Amazon S3

The Switchboard Amazon Simple Storage Service (S3) connector provides automated, scheduled ingestions of data from S3 in a variety of formats.

Prerequisites

To configure access to the Amazon S3 connector, you need:

  • Amazon AWS IAM Key/Secret Pair
  • Bucket Path
  • File Path

To add a new Amazon AWS IAM Key/Secret Pair:

  1. Log in to the Dashboard.
  2. Click on the Keys tab. 
  3. In the Options menu, select AWS.

NOTE: The Amazon AWS IAM Key/Secret Pair must have read access to the source bucket.


Scheduling

Amazon S3 connector can be scheduled to run multiple times a day at user-defined hour and timezone.

  • To configure this schedule, use the delay_hours parameter.
  • By default, the connector will run once at 6am PT.

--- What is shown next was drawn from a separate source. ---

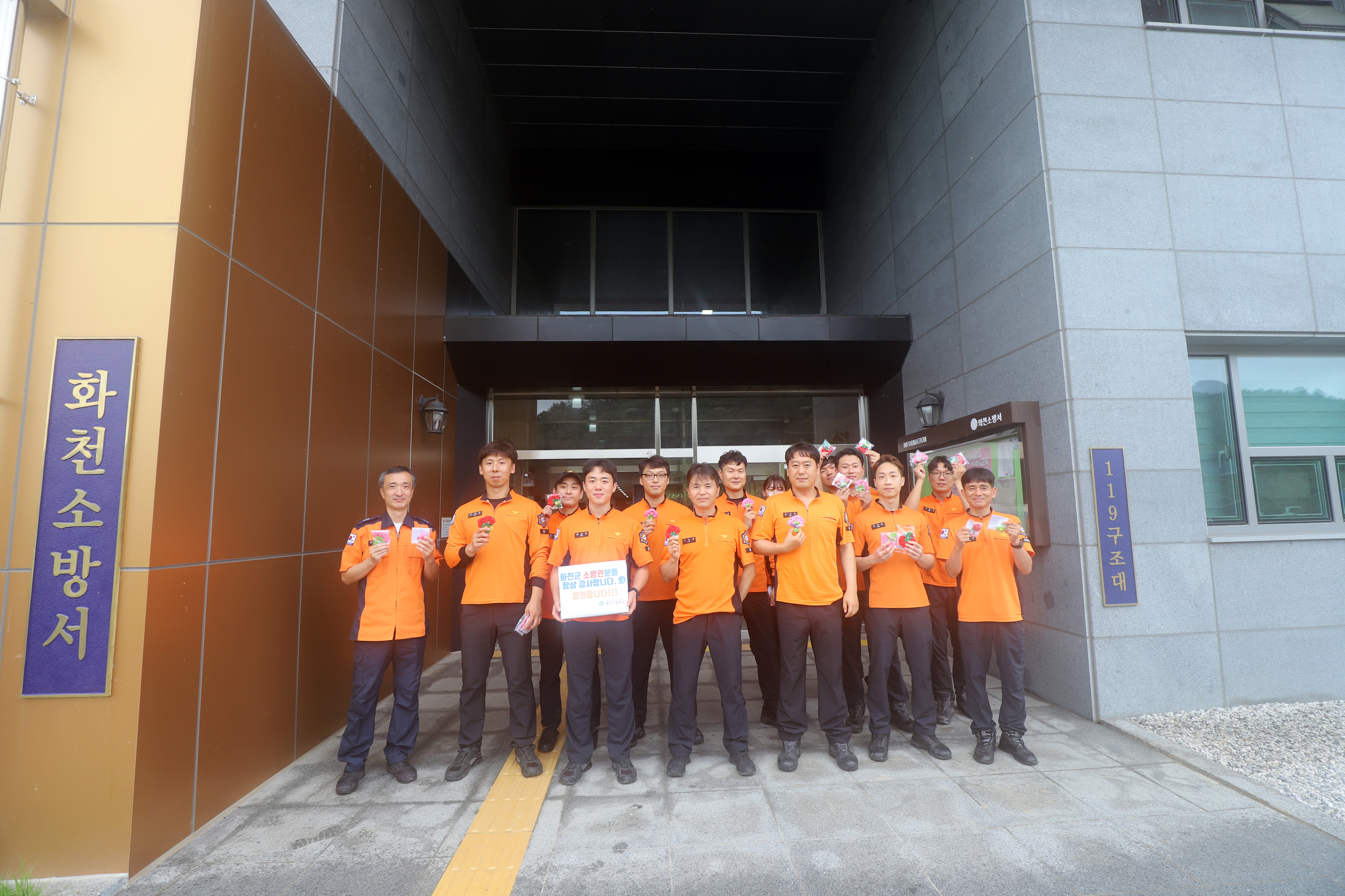 "소방관님 감사합니다" 화천고 학생들 화천소방서에 카네이션 전달

Using Switchboard Static IP

If necessary due to IT or security policy, this connector can be configured to route traffic through one of Switchboard’s static IP addresses. To do so, include the parameter static_ip: true; in the Switchboard Script import statement.

Parameters

File Pattern string
required
A list of requested file patterns.
Example: pattern: “s3://source_bucket/my_pattern”;
Example: regex: “s3://source_bucket/my_file_name.”;
datime_pattern string
optional
Specifies the date and time pattern type.
Example: datetime_pattern: “YYYY-MM-DD”;
For additional information, see the Datetime Patterns section.
delay_hours integer
optional
Delay in hours the system waits between the previous update and the next update. Variances will be outlined in the scheduling section for each connector.
Example: delay_hours: 11;
format string
optional
Specifies a format type.
Example: format: “csv”;
For additional CSV specific parameters, see the File Formats and Encoding section.
lookback_days integer
optional
Limits the number of previous days that the DateTime pattern applies.
Example: lookback_days: 5;
period_hours integer
optional
Frequency of the system to checks for updates.
Example: period_hours: 3;

Specifying Patterns

File Patterns

Switchboard matches target S3 files based on wildcard patterns or regular expression. Switchboard polls the source bucket for new files that match the pattern or regular expression provided. By default, Switchboard re-ingest files upon detection of source file checksum.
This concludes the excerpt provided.